An eternity seems to pass. “Look, it’s normal, and it happens,” he says, trying to adopt the sage voice of an elder or something. It’s not that Trav isn’t those things; it’s just that his tone most often gives away the fact that he’s the most dangerous thing walking the streets.

He’s not even wrong. Attraction happens between coworkers, especially in the restaurant industry.

“Yeah, I know. It’s no big deal.” Except all the times I’ve done things, like try to taunt him into taking me, flash before my eyes, making me live to regret my choices yet again. He probably thinks I’m over here obsessing about him.

Maybe because you are.

Anyway…

He doesn’t have to be like me.

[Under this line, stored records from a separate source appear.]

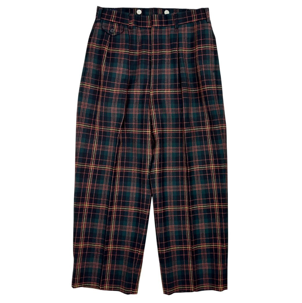 - 90s Polo Ralph Lauren ポロ ラルフローレン タータン チェック柄 ウール ツータック ワイド スラックス パンツ 秋冬 W84cm 緑×赤 日本製
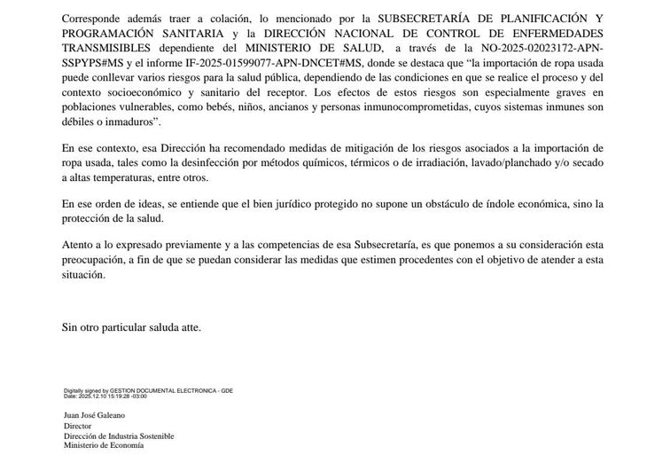 Según consta en el comunicado oficial, el requerimiento para endurecer los controles partió de la Subsecretaría de Comercio Exterior, pero anteriormente hubo una advertencia del Ministerio de Salud. “La importación de ropa usada puede conllevar riesgos para la salud pública”, dice el documento al que accedió este medio. En ese sentido, la evaluación indicó que “los efectos son especialmente graves en poblaciones vulnerables, como bebés, niños, ancianos y personas inmunocomprometidas”.
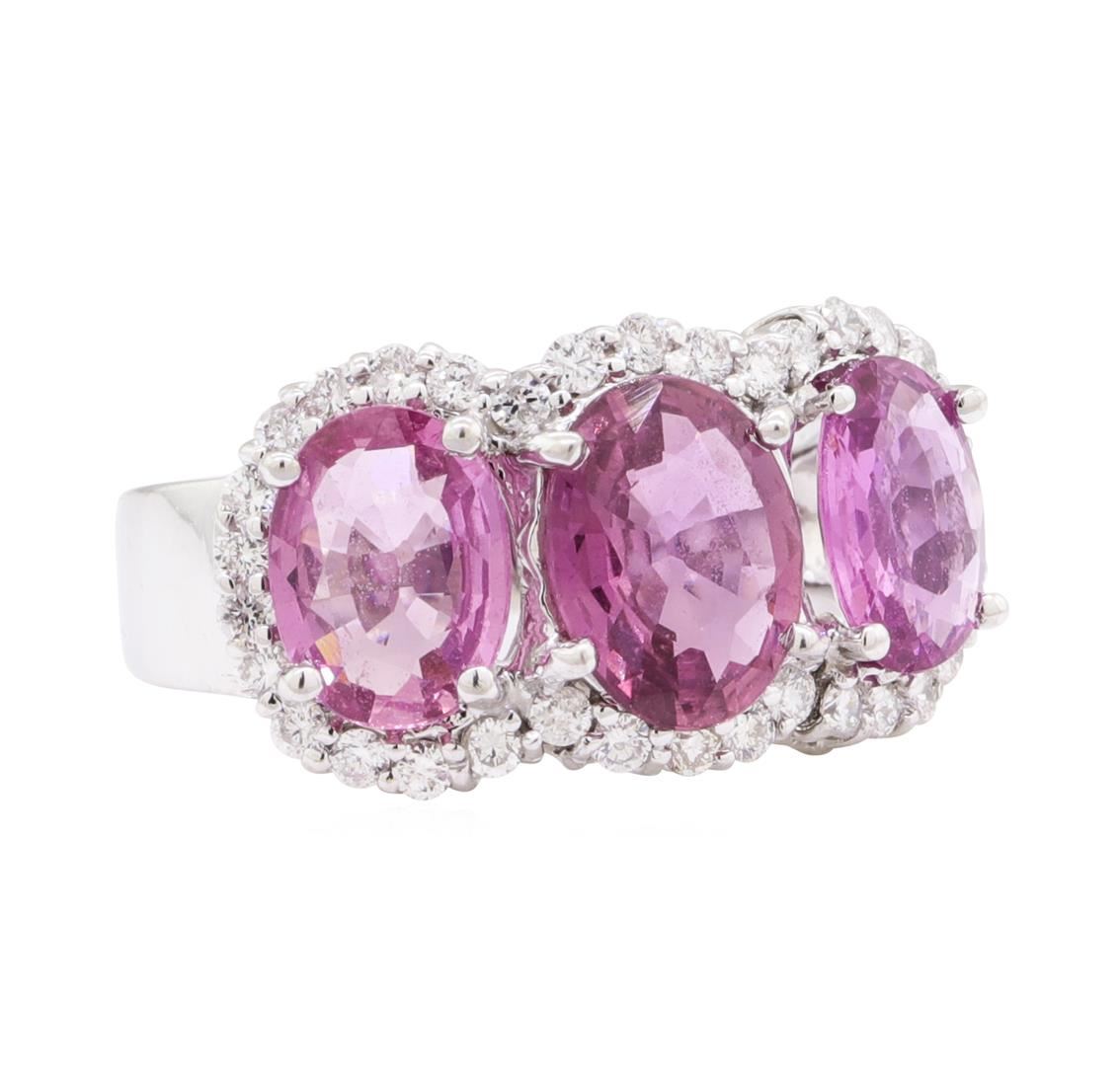 One electronically tested 14KT white gold lady's cast fashion ring with a three stone halo with a bright polish finish. The featured lady's ring has a shank measuring 3.80 millimeters wide. Identified with markings of '14K'. Condition is new, good workmanship. Containing: Three prong set oval modified mixed cut natural pink sapphires, measuring 8.36 x 6.00 x 2.85mm, (depth est.) 15%. bulge factor, approximate total weight of 4.16ct., clarity is slightly included, medium, slightly brownish, strongly purplish red color, (GIA stpR 5/2), cut is good. Transmitting light with a minimum of distortion, transparent. Colored gemstones are presumed to have been subjected to commonly used enhancement processes. Graded in the setting. Thirty-Four prong set round brilliant cut diamonds, measuring 1.60 - 1.55 x 0.98mm (depth est.) approximate total weight of 34 Stones = 0.51ct. Graded in the setting. Color H - I Clarity SI-1 to SI-2 Cut Good. Total Weight of Colored Stones 4.16ct.. Total Weight of Diamonds 0.51ct.. Total Weight of Ring 6.50gm GAS Appraised at $5990.00. GAS Appraised.

So, he’s attracted to me? It’ll pass. Get buried in the same place he buried his feelings for Lana. Speaking of Lana, maybe all this is really just Trav’s reaction to his first time being attracted to a man. That could explain at least half the shock.

Not totally intense feelings of desire for me.

I just spent twenty-four hours in agony, thinking Trav was gonna be outta my life for good. I’m not rocking the boat by making that clarification.

“That’s right. No big deal.” His voice is as flinty as steel, and it’s so fucking clear that he doesn’t wanna touch the idea of us with a forty-foot hockey stick.

Man, I was so delusional. As much as I told myself it wouldn’t and shouldn’t happen, guess I wanted it. Guess all of that was bullshit. I take a slow breath before I forget to.

We slowly find our way back to a new normal. The lightning’s always there, threatening to consume us.

But we never touch it.

And Trav does a helluva lot better at getting over it than I ever could.

Dirk, Age 21

What do you do when your lungs want to burst as soon as you’re near someone? Turns out, no one knows the answer to that question. It happens like clockwork. Trav walks into the room, and it’s like a million fireflies bursting brightly inside me. We don’t even have fireflies in Vancouver.

I’m clearing one of my tables. The two-way door to the kitchen swings open at the same time Jack’s coming around the corner with his hands full of steak knives.